• What you have to do
With the pictures omitted, repeat exactly the lines below starting with the line that has "PERSEMBAHAN Tausyeh Syukur" and going on through the line that has "În provincia eliberată".

Records from a collection
_ _ _ _
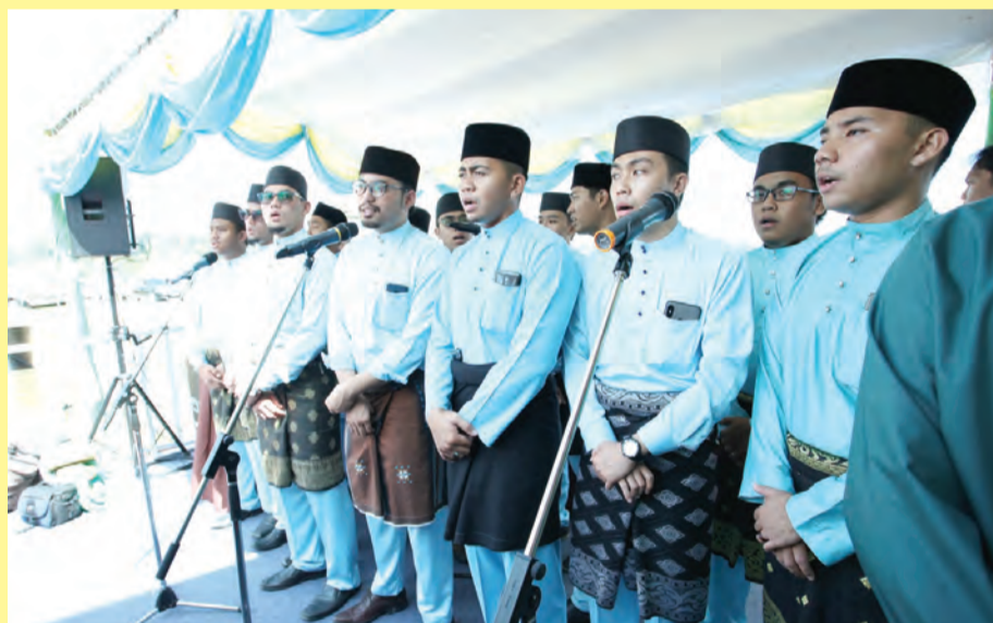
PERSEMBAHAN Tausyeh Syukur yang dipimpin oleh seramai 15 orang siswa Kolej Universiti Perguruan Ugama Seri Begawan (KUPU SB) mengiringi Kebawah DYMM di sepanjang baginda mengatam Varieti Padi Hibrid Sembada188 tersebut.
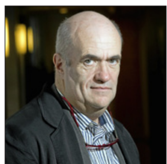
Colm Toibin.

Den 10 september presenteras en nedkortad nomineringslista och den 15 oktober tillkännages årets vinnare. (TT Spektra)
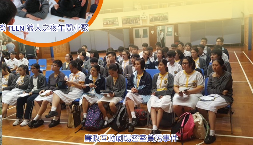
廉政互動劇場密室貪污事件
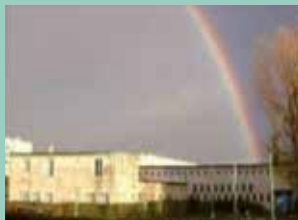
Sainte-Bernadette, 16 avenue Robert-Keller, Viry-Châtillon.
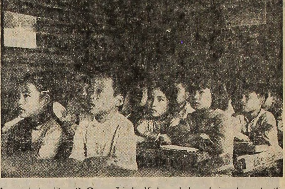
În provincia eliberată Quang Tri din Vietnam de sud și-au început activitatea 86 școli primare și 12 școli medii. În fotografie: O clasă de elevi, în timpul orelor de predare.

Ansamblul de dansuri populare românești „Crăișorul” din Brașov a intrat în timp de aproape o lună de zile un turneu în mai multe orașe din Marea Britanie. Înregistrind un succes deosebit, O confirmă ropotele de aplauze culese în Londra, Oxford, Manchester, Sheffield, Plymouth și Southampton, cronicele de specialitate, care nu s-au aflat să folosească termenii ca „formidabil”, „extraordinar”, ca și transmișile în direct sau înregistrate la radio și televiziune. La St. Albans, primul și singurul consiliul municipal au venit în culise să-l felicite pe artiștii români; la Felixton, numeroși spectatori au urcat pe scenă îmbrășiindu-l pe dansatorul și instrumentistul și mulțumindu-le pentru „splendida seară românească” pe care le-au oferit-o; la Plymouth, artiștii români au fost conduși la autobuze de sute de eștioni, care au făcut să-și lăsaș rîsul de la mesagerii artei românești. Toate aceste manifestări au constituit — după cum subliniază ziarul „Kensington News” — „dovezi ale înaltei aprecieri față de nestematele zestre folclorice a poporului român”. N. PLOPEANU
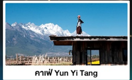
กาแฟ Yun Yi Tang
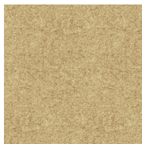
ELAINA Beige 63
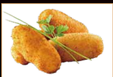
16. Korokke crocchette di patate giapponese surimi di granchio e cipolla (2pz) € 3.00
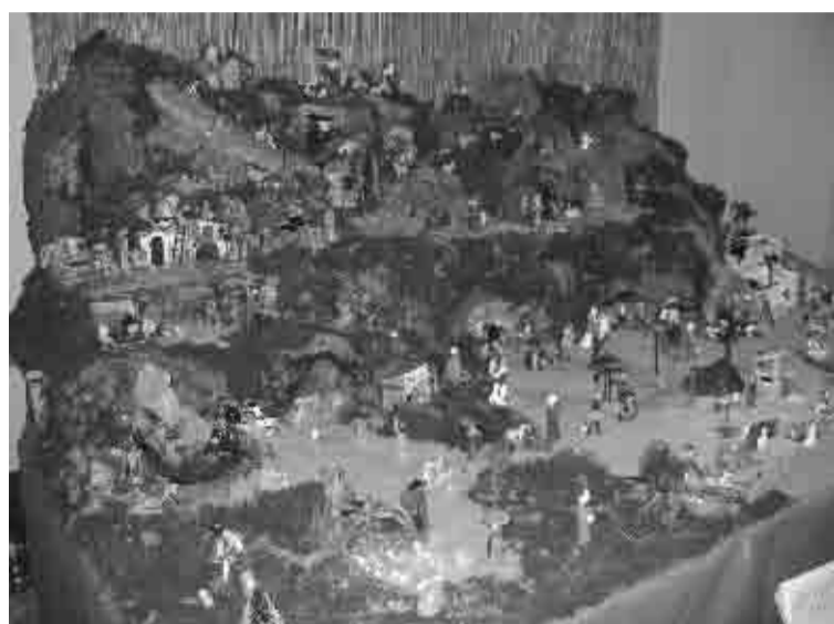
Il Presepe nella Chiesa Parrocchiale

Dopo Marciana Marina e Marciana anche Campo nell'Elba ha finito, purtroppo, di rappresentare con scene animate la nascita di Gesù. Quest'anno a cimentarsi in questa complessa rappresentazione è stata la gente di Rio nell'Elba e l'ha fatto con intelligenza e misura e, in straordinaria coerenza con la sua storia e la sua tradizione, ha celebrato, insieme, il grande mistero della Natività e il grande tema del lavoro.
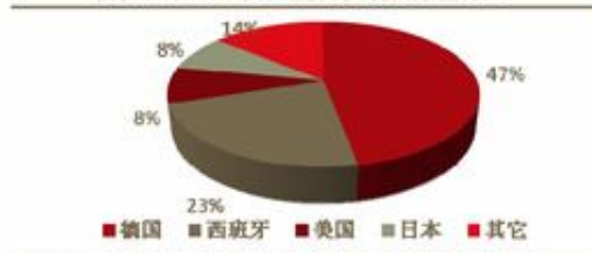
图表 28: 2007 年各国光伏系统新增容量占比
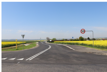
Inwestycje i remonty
_ _ _ _
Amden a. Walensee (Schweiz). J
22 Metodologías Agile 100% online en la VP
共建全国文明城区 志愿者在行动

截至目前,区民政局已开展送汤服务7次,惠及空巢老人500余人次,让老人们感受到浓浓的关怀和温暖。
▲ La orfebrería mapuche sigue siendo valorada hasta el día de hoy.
_ _ _ _
• Finished exercise
PERSEMBAHAN Tausyeh Syukur yang dipimpin oleh seramai 15 orang siswa Kolej Universiti Perguruan Ugama Seri Begawan (KUPU SB) mengiringi Kebawah DYMM di sepanjang baginda mengatam Varieti Padi Hibrid Sembada188 tersebut.
Colm Toibin.

Den 10 september presenteras en nedkortad nomineringslista och den 15 oktober tillkännages årets vinnare. (TT Spektra)
廉政互動劇場密室貪污事件
Sainte-Bernadette, 16 avenue Robert-Keller, Viry-Châtillon.
În provincia eliberată Quang Tri din Vietnam de sud și-au început activitatea 86 școli primare și 12 școli medii. În fotografie: O clasă de elevi, în timpul orelor de predare.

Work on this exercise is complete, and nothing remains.